§ TASK TO COMPLETE:
With pictures excluded, copy word for word the lines in the data below from the line containing "27. Певица Ирина" through the line containing "阿墨江双线特大桥是我国目前最".

§ DATA SHOWN:
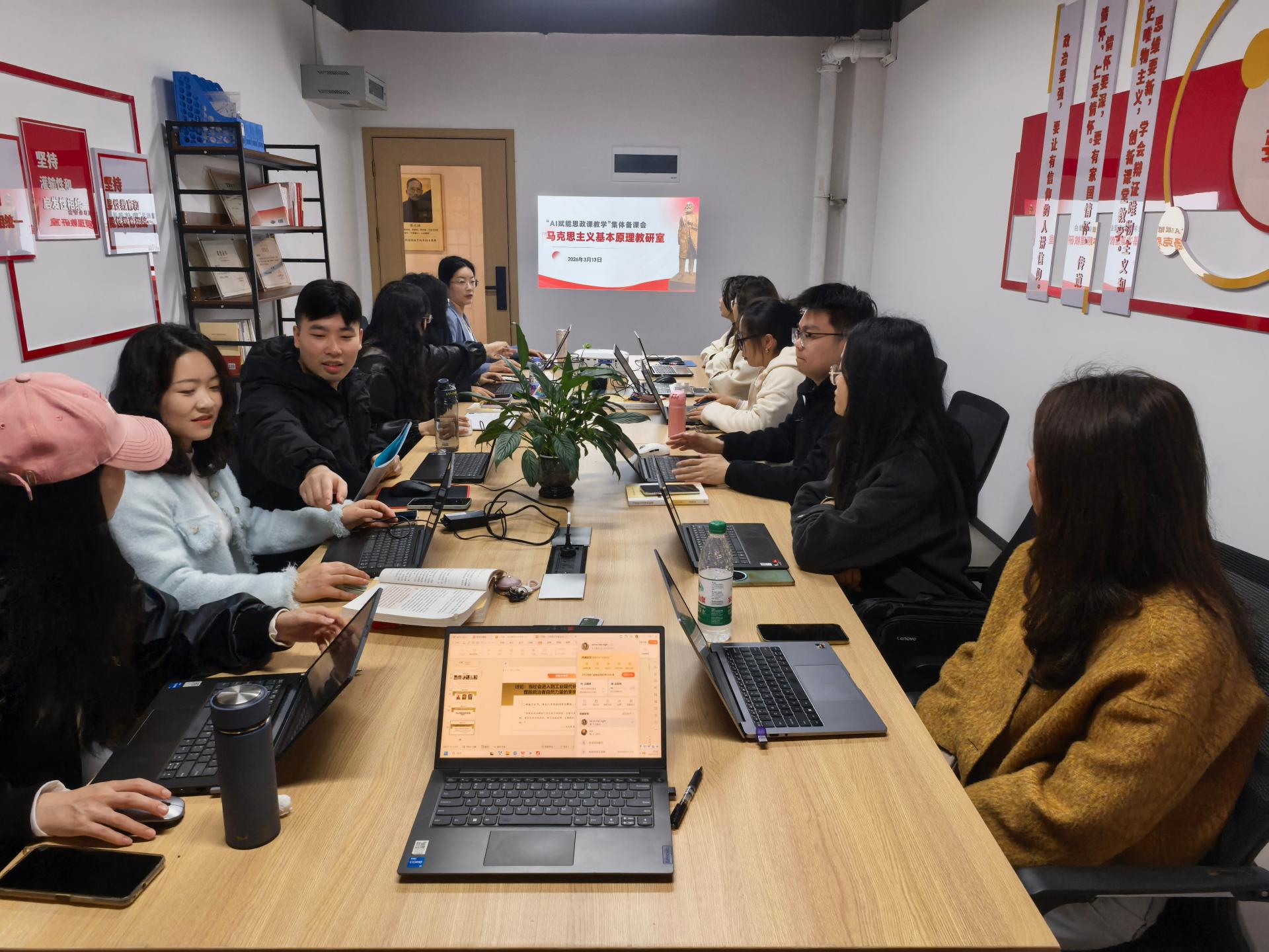 为深入推进新时代人工智能技术与思想政治教育融合创新,以技术赋能推动思政课高质量发展,3月13日,马克思主义基本原理教研室在知行楼707工作坊开展“AI如何赋能思政课教学改革”集体备课会。会议由教研室主任任海艳主持,教研室全体教师参加。
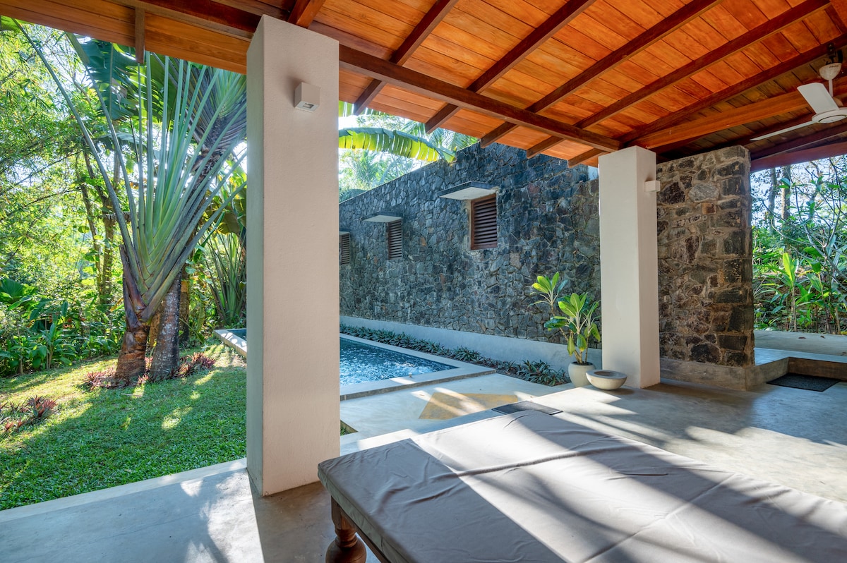 Descubre nuestra encantadora casa de campo de piedra de un dormitorio con baño al aire libre, patio privado y una espaciosa terraza. Ubicada dentro de una finca en la ladera cerca de las playas de Mirissa y Weligama, la cabaña ofrece acceso directo a una playa semiprivada y una acogedora piscina de inmersión de 8 metros ideal para la relajación. Desayuno de cortesía. Cargos suplementarios festivos: Navidad: adulto 100 $, niños (menores de 12 años) $ 50, (0-5) $ 30 Año Nuevo: Adultos $100, Niños (menores de 12 años) $50, (0-5) $40
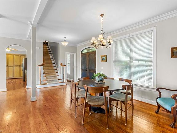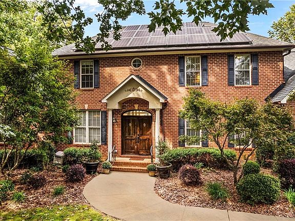 Buy this gorgeous custom-built brick home and enjoy quiet cul-de-sac living in Country Club Hills. Open floor plan with breakfast nook, living room with fireplace, dining area-all have large windows with views of the expansive yard and natural swimming pool. Great drop zone & hidden kitchen desk area. Primary suite has trey ceiling, W/D hookup in WIC, luxury bathroom, garden tub and dual vanities. Upstairs includes 3 BRs w/2 full baths, laundry, art room and flex space currently used as exercise/guest/playroom. Total of 5 WICs and 3 laundry. Screened porch & back deck provide additional places to relax or entertain. Built in gas grill. Basement is additional living space w/ interior & exterior entrances to full kitchen, BR, WIC, full bath, LR w/ fireplace, laundry, wine grotto, w/ access to pool & covered patio. Garage workshop table conveys. Energy Saving solar panels. Hot tub hookup on the patio/pool area. Storage unit/playhouse. Beautiful community with very low HOA.
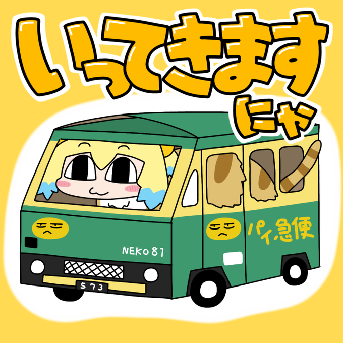 とりあえずいってきますの文字だけ完成(絵は過去絵) でも「す」がちょっと小さいかな? あとは猫の後ろ姿をなんとか描ければ
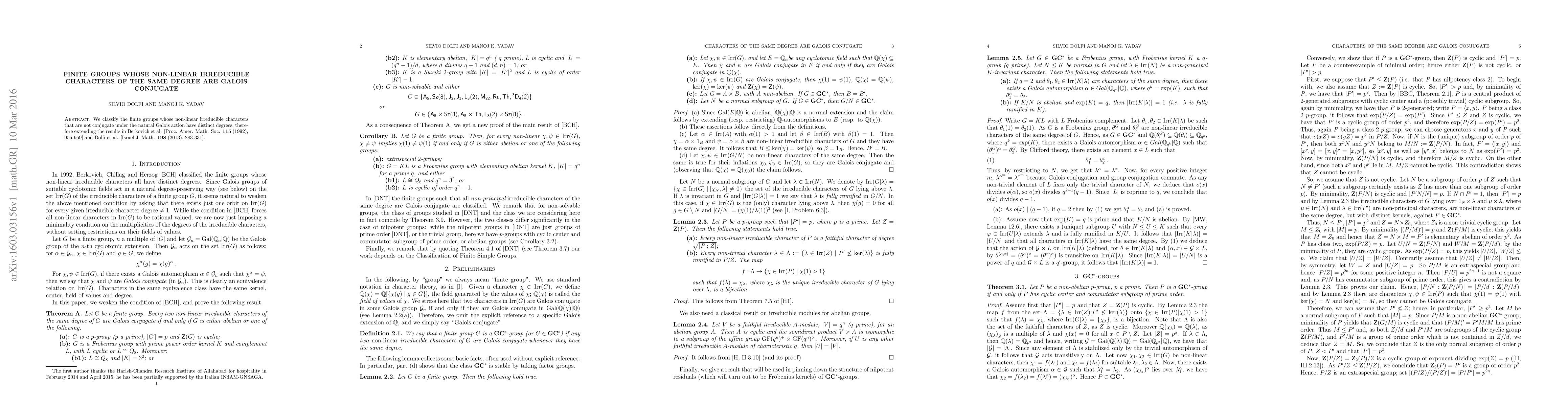 This research classifies finite groups where non-linear irreducible characters of the same degree, not conjugate under Galois action, have distinct degrees. It builds upon previous works by Berkovich et al. and Dolfi et al.
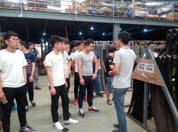 在仓储部的经理的带领下,同学们先后参观了公司的食堂、宿舍及娱乐设施场地等,并由仓储部的经理带领大家参观仓储部,同学们对摆放在货架上整齐、有序的汽车零配件所吸引,许多同学熟知各配件并能详细地说出配件作用,同学们对汽车的认识得到经理的认可。
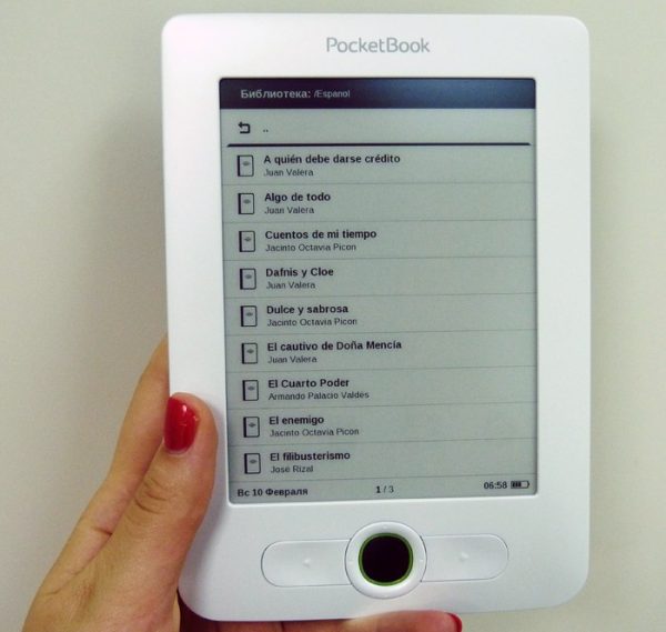 - PocketBook 631 Touch HD - un lecteur phare avec de nombreuses fonctionnalités intéressantes au prix de 12 490 roubles. Technologie Carta, grande résolution de 1448 x 1072 pixels, prise en charge Wi-Fi, fente pour carte mémoire, lecteur, ainsi que la synthèse vocale à haute voix.
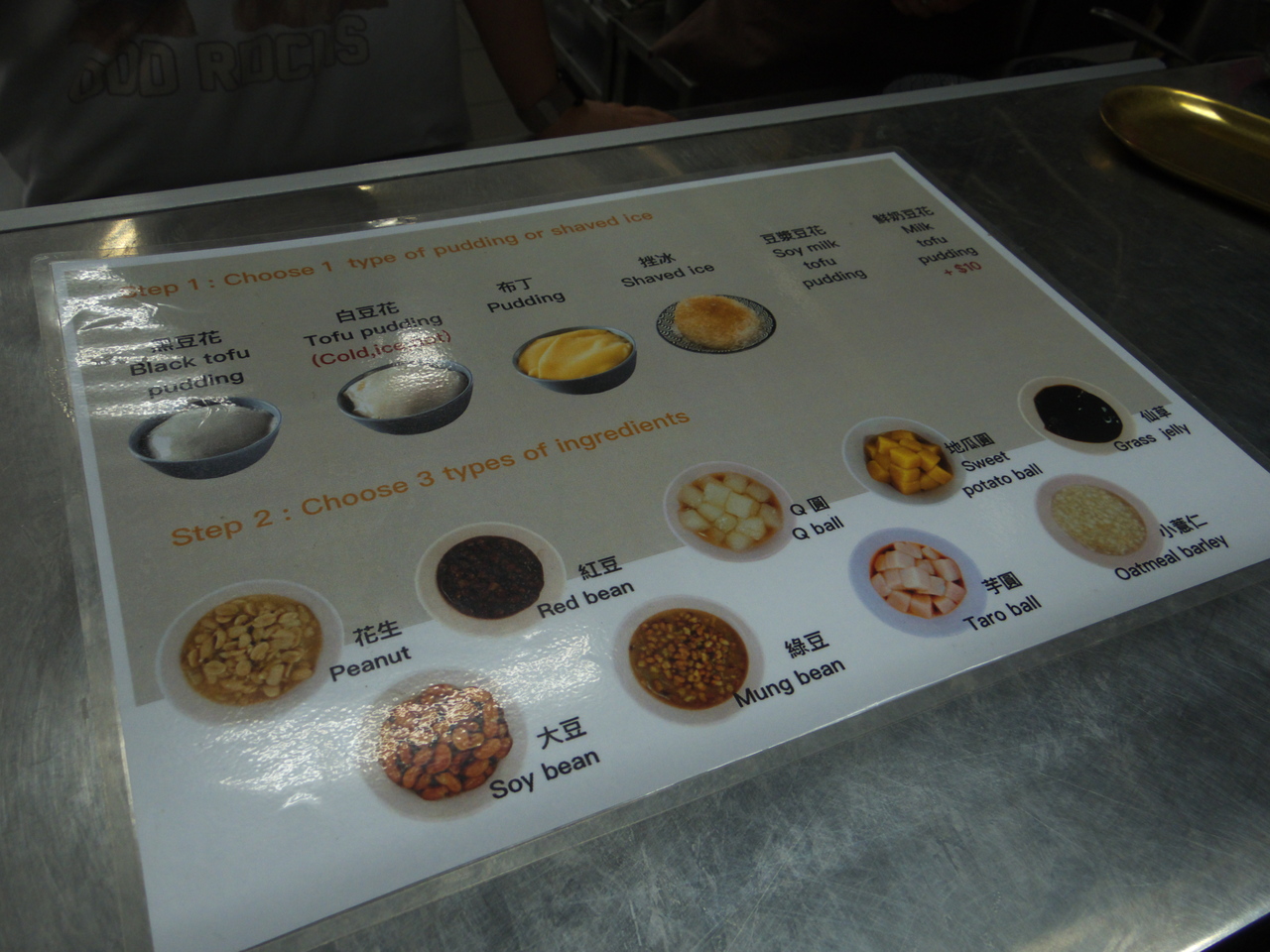 豆花は白豆花と黒豆花が選べますが、プリンなどもあるみたいです。
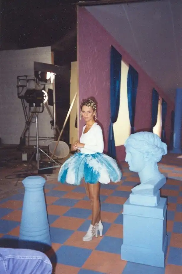 27. Певица Ирина Салтыкова на съёмках клипа «Серые глаза», 1995 год
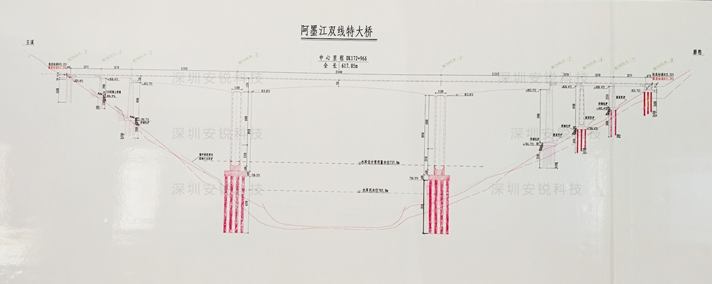 阿墨江双线特大桥是我国目前最大跨度的铁路连续钢构梁。位于墨江县境内,全长617.05米,其主跨为216米的连续刚构梁,多达132个节段。3、4号主墩墩高均达89.5米,桥位处平均水深达48米左右,存在大体积深水基础、超高超大体积0#段、超大体积悬臂段、70m超高空边跨现浇段,是玉磨铁路全线施工组织难度最大、地质条件最复杂、安全风险最高的八大控制性工程之一。
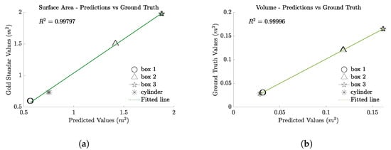 Regression analysis of predicted versus known surface area and volume for multiple static objects. The plots displays the correlation between the scanner’s predicted values and the actual measurements for a cylinder, small box, medium box, and large box, all placed in the same pose across 10 consecutive scans. The high values of 0.997 for surface area and 0.999 for volume demonstrate the scanner’s accuracy and consistency in various object dimensions and shapes under controlled conditions. (a) Surface area calculation results. (b) Volume calculation results.
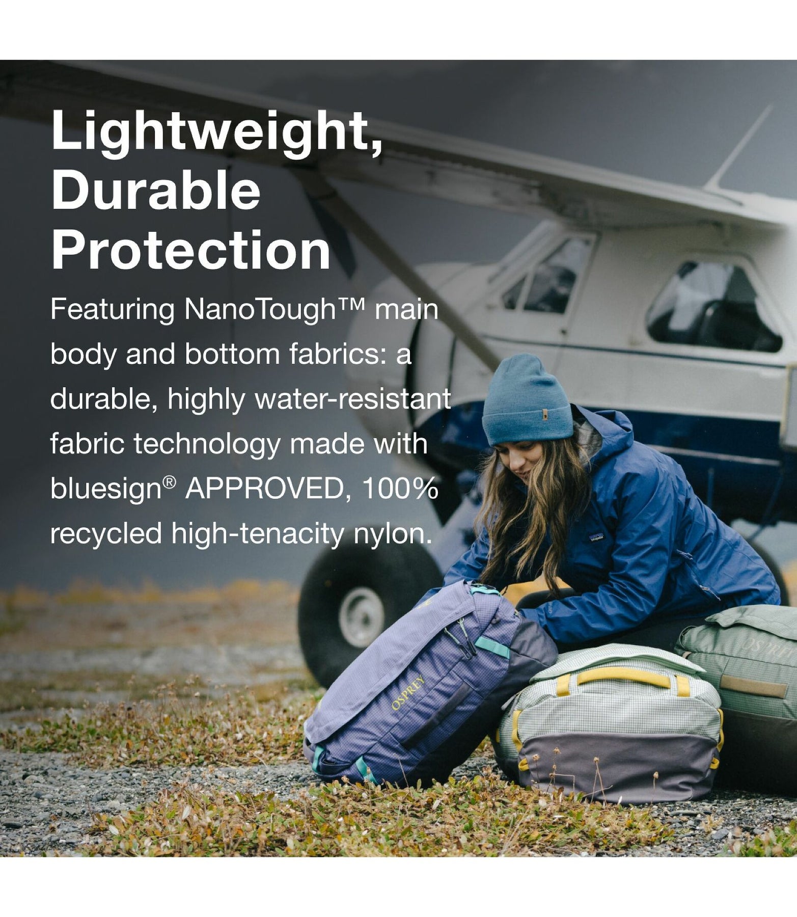 Featuring bluesign® APPROVED NanoTough™ exterior fabrics—a remarkably strong, highly water-resistant fabric technology made with 100% recycled high-tenacity nylon and carbonate coating.

§ WORKED SOLUTION:
 27. Певица Ирина Салтыкова на съёмках клипа «Серые глаза», 1995 год
 阿墨江双线特大桥是我国目前最大跨度的铁路连续钢构梁。位于墨江县境内,全长617.05米,其主跨为216米的连续刚构梁,多达132个节段。3、4号主墩墩高均达89.5米,桥位处平均水深达48米左右,存在大体积深水基础、超高超大体积0#段、超大体积悬臂段、70m超高空边跨现浇段,是玉磨铁路全线施工组织难度最大、地质条件最复杂、安全风险最高的八大控制性工程之一。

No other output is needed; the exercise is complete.